== What this task involves ==
Retype the data exactly, from its first line to the line containing "For all diagrams, when", including both, and skip any picture.
===== Data extract
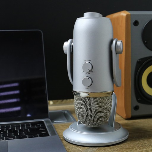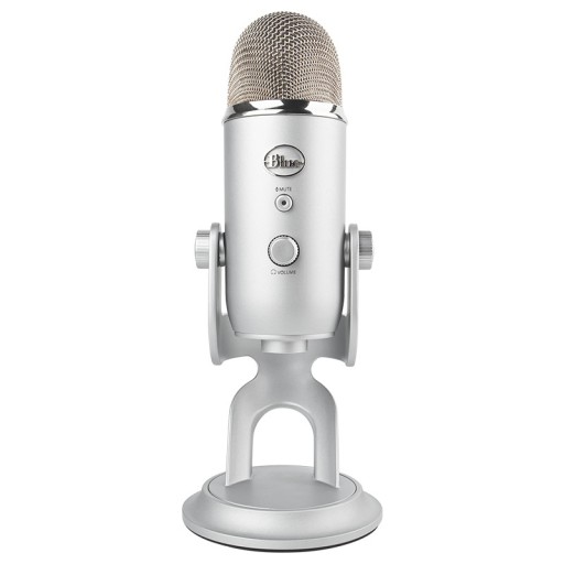 Niebieski mikrofon Yeti USB do nagrywania, przesyłania strumieniowego, gier, podcastingu na PC i Mac, mikrofon pojemnościowy do laptopa lub komputera, efekty VO! Regulowana podstawa — srebrna
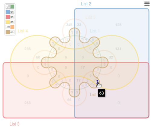 For all diagrams, when the intersection count size exceeds the allowed space, the value is substituted by a question mark. The real value pops-up on mouseover.
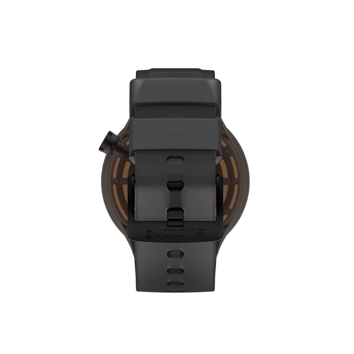 Swatch light taste watch from the Big Bold Standard collection with only time quartz movement, plastic case in semi-transparent black color with swatch solar spectrum gold effect and 47 mm round shape and silicone strap in semi-transparent black color
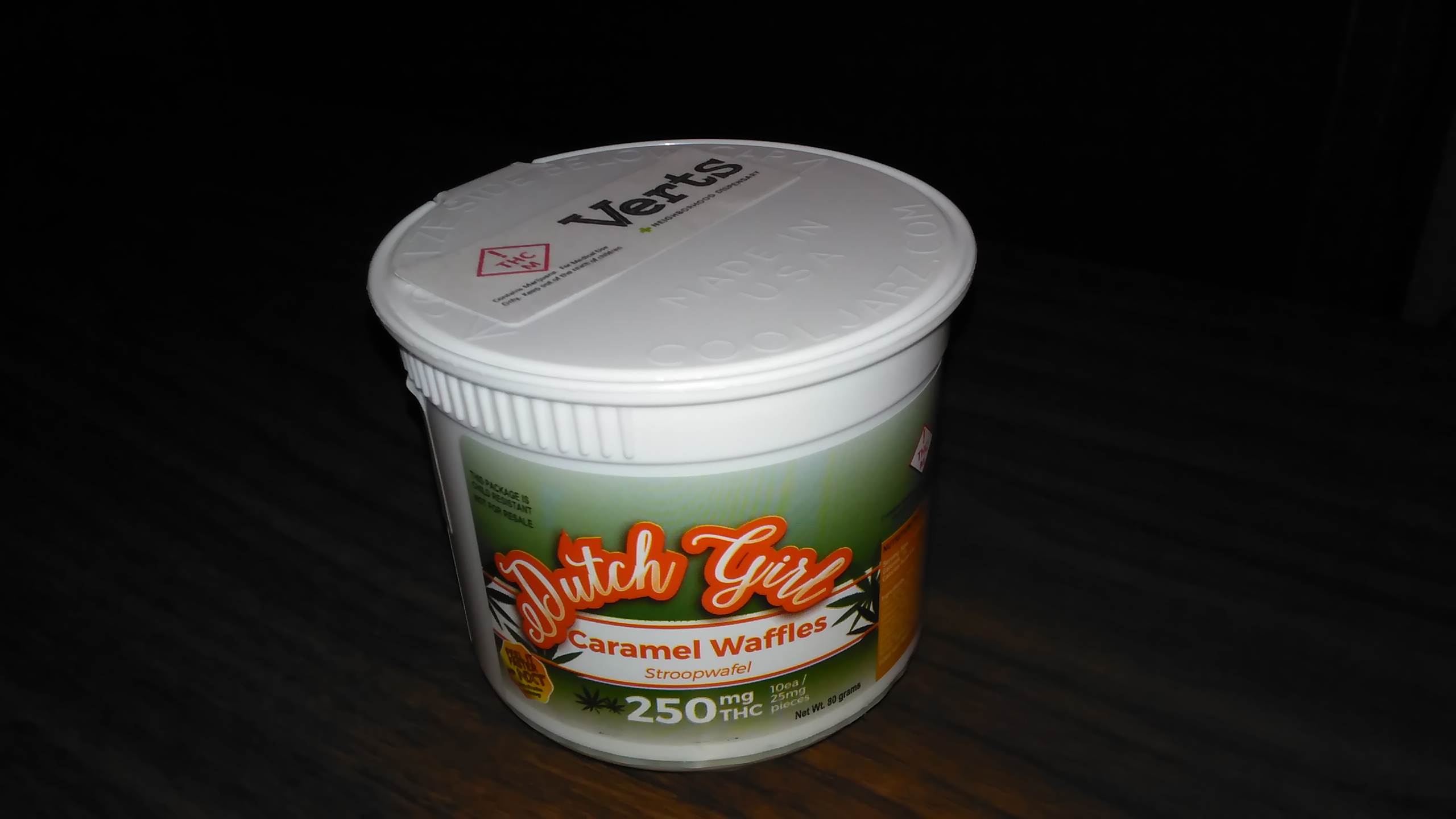 Product: Dutch Girl Caramel Waffles (Stroopwafel) 250 mg THC (10 each/25 mg pieces). Produced by the good people at the CannaPunch Company in Denver, Colorado. In business since 2009 according to their website.
==========
== Response ==
 Niebieski mikrofon Yeti USB do nagrywania, przesyłania strumieniowego, gier, podcastingu na PC i Mac, mikrofon pojemnościowy do laptopa lub komputera, efekty VO! Regulowana podstawa — srebrna
 For all diagrams, when the intersection count size exceeds the allowed space, the value is substituted by a question mark. The real value pops-up on mouseover.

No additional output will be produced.